- _PROBLEM TO SOLVE_
In the entries below, find the line with "마마파파&베이비 졸업을 진심으로 축하드립니다." and print exactly every line from there up to and including the line with "[整箱96罐]尾巴生活can811生骨肉猫咪主食罐无谷猫罐头鸡肉牛肉鱼", with no other lines.

- _SUPPLIED INFORMATION_
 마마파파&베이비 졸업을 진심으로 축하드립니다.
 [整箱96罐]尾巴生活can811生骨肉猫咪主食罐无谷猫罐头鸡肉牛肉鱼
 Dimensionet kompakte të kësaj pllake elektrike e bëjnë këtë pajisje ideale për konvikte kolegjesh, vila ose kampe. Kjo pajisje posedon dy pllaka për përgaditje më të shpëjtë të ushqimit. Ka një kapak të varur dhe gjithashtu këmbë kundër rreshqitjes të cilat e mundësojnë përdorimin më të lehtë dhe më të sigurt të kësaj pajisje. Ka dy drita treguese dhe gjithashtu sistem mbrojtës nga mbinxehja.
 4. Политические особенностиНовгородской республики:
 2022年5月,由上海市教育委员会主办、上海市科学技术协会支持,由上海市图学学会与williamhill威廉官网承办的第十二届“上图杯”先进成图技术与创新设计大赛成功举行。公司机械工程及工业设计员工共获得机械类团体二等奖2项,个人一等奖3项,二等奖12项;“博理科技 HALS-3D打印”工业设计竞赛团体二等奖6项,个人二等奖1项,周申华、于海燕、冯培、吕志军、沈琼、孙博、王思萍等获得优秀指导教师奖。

---

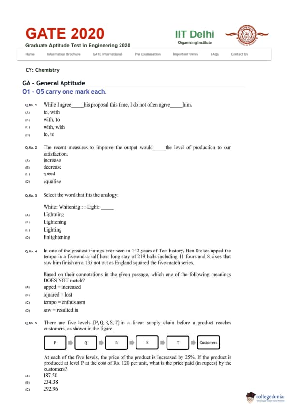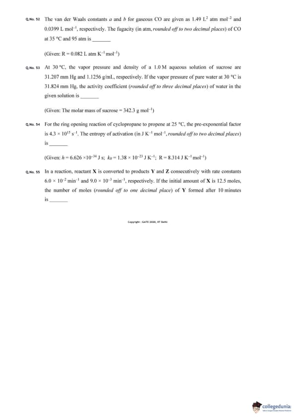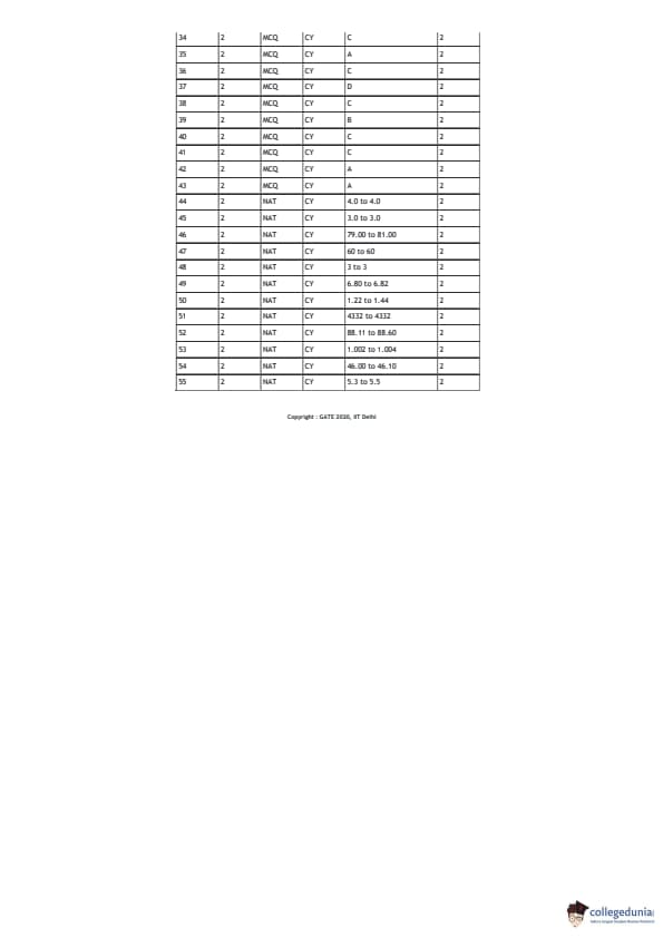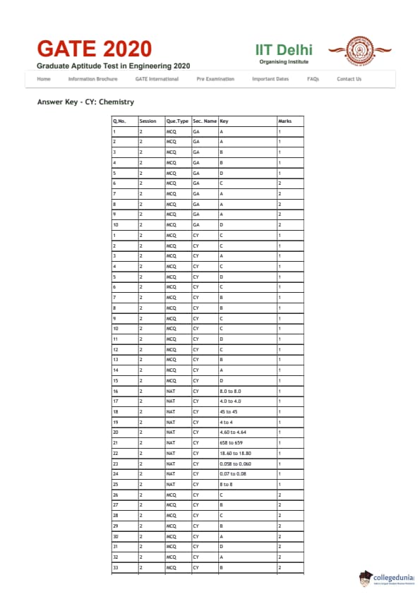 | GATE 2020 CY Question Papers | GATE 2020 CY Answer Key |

- _RESULT OF THIS EXERCISE_
 마마파파&베이비 졸업을 진심으로 축하드립니다.
 [整箱96罐]尾巴生活can811生骨肉猫咪主食罐无谷猫罐头鸡肉牛肉鱼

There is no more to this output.